In some embodiments, the system is world-wide-web (www) based, and the network server is a web server delivering HTML, XML, etc., web pages to the computing devices. In other embodiments, a client-server architecture may be implemented, in which a network server executes enterprise and custom software, exchanging data with custom client applications running on the computing device.

In some embodiments, the system can also be implemented in cloud computing environments. In this context, “cloud computing” refers to a model for enabling ubiquitous, convenient, on-demand network access to a shared pool of configurable computing resources (e.g., networks, servers, storage, applications, and services) that can be rapidly provisioned via virtualization and released with minimal management effort or service provider interaction, and then scaled accordingly. A cloud model can be composed of various characteristics (e.g., on-demand self-service, broad network access, resource pooling, rapid elasticity, measured service, etc.), service models (e.g., Software as a Service (“SaaS”), Platform as a Service (“PaaS”), Infrastructure as a Service (“IaaS”), and deployment models (e.g., private cloud, community cloud, public cloud, hybrid cloud, etc.).

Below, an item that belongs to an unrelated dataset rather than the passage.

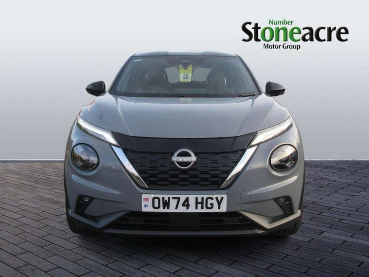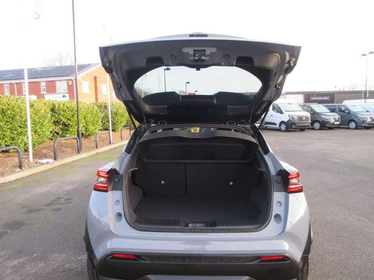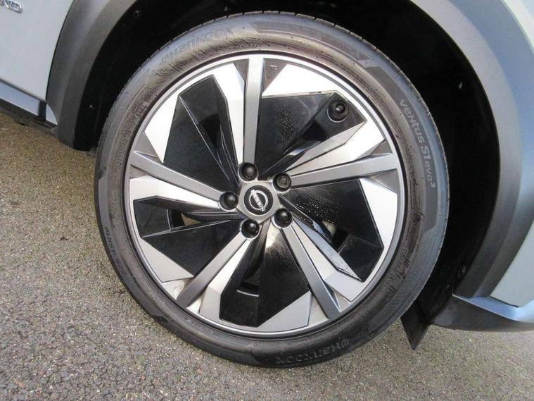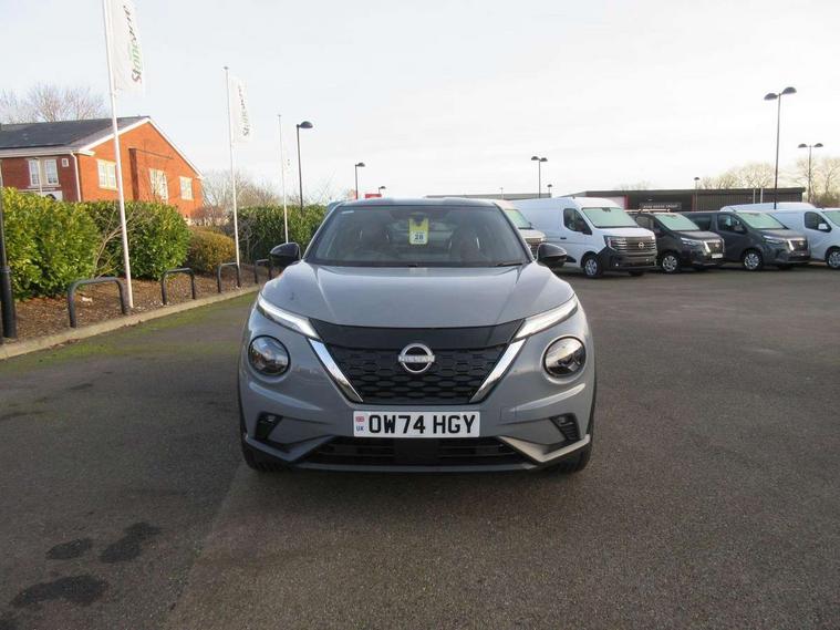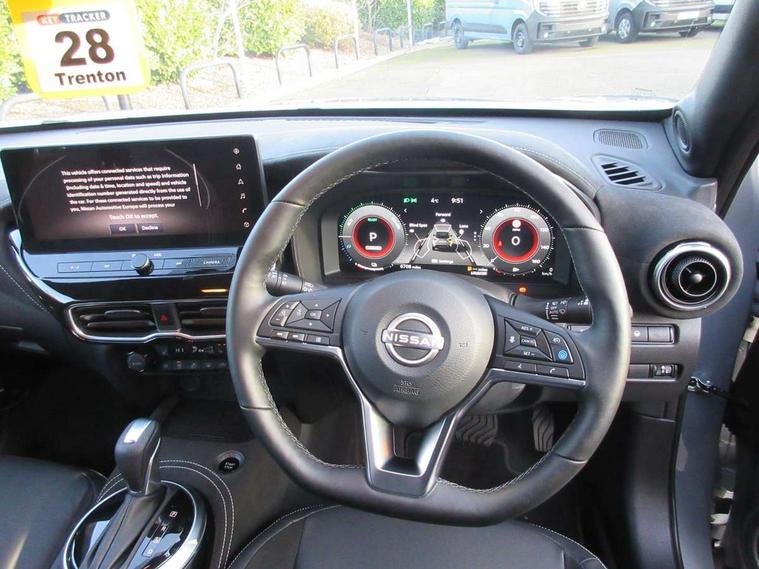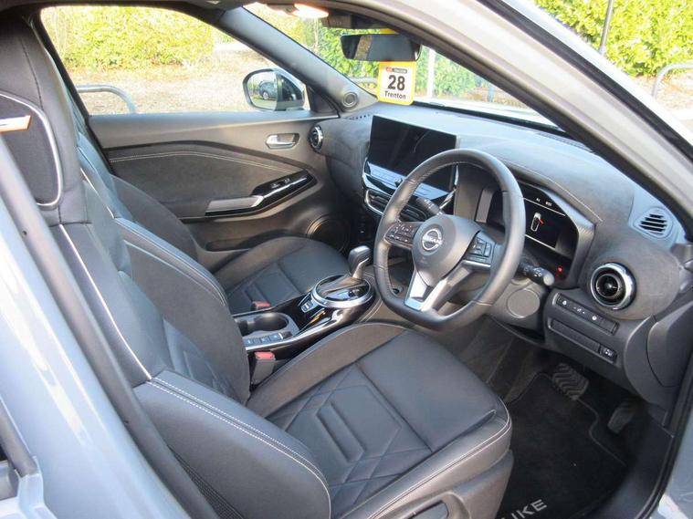 12.3" full colour TFT screen combimeter, Drive modes select (Eco, normal and sport), e-Pedal step, Emergency and breakdown call, EV mode switch, Front parking sensor, Intelligent driver alert system, Intelligent lane intervention, Lane departure warning system, Nissan connect 12.3" touch screen entertainment system, Nissan connect nav with TomTom traffic, Nissan connect services, Outside temperature sensor, Power Steering, Rear parking sensor, Stop/start button, Traffic sign recognition, Trip computer, Voice recognition, WiFi connectivity, Wireless Apple CarPlay and Google Android auto, Wireless Smartphone charger, 10 Bose speakers 6 speakers and 2 headrest speakers for driver/passenger seats, 2 X Rear console USB port, Bluetooth system, USB, Aux-in and 12V socket, Bose personal sound stage control, DAB Digital radio, Auto dimming frameless rear view mirror, Automatic hazard signal with emergency stop signal, Body colour door handles, Electrically adjustable door mirrors with integrated indicators, Follow me home headlights, Front and rear electric window with one touch driver window, Heated and auto folding door mirrors, High beam assist, LED 3rd brake light, LED daytime running lights, LED front fog lights, LED headlamps, LED rear fog lamp, LED rear lamps, One touch passenger window, Rain sensor windscreen wipers, Rear privacy glass, Rear side wing doors, Rear wiper, Roof spoiler, Shark fin roof antenna in solid Black, Three blink turn signal, 3 height adjustable rear headrests, 3 seat bench in 2nd row, 60/40 split folding rear seat, Automatic climate control, Card holder on driver sunvisor, Door ambient lighting, Driver seat back pocket, Driver side rear coat hanger, Driver/passenger sunvisors and vanity mirrors, Front and rear cabin lights, Front armrest, Front door pockets with bottle holders, Front head restraints, Front/rear passenger grab handles, Gear console ambient circle lighting, Height adjustable driver's seat, Internal chrome door handles, Leather gearshift knob, Luggage board, Luggage space lighting, Monoform sporty seats, Multifunction steering wheel, Passenger seat back pocket, Rear door bottle holders, Single front passenger seat, Smooth synthetic leather steering wheel, Synthetic leather kneepad, Telescopic steering wheel adjustment, Two cupholders in front centre console, Two rear isofix child seat anchorage points with top tether, Welcome light and console tray ambient lighting, Heat pack with height adjustable passenger seats - Juke, Interior personalisation pack - Juke, ProPilot pack - Juke Auto, Satin grey exterior personalisation pack - Juke, ABS with EBD and brake assist, Active ride control, Active Trace Control, Driver and passenger airbags, Driver and passenger side airbags, Electric handbrake with auto hold function, Electronic Stability Programme (ESP), Front and rear curtain airbags, Height adjustable seatbelts, Hill start assist, Intelligent emergency braking with pedestrian and cyclist recognition, Rear door child safety locks, Seatbelt reminder for driver/front passenger and rear seats, Three 3 point rear seatbelts, Traction control, Tyre pressure monitoring system, VDC Dynamic Vehicle Control, Alarm, Immobiliser, Intelligent key and start push button with walk away lock and approach unlock functions, Remote central locking, 19" Aero alloy wheels, Tyre puncture repair kit,

As used herein, the term “add-on” (or “plug-in”) refers to computing instructions configured to extend the functionality of a computer program, where the add-on is developed specifically for the computer program. The term “add-on data” refers to data included with, generated by, or organized by an add-on. Computer programs can include computing instructions, or an application programming interface (API) configured for communication between the computer program and an add-on. For example, a computer program can be configured to look in a specific directory for add-ons developed for the specific computer program. To add an add-on to a computer program, for example, a user can download the add-on from a website and install the add-on in an appropriate directory on the user's computer.

In some embodiments, the computer system 100 may include a user computing device 145, an administrator computing device 185 and a third-party computing device 195 each in communication via the network 190. The user computing device 145 may be utilized a user (e.g., a healthcare provider) to interact with the various functionalities of the system including to perform patient rounds, handoff patient rounding responsibility, perform biometric verification tasks, and other associated tasks and functionalities of the system. The administrator computing device 185 is utilized by an administrative user to moderate content and to perform other administrative functions. The third-party computing device 195 may be utilized by third parties to receive communications from the user computing device, transmit communications to the user via the network, and otherwise interact with the various functionalities of the system.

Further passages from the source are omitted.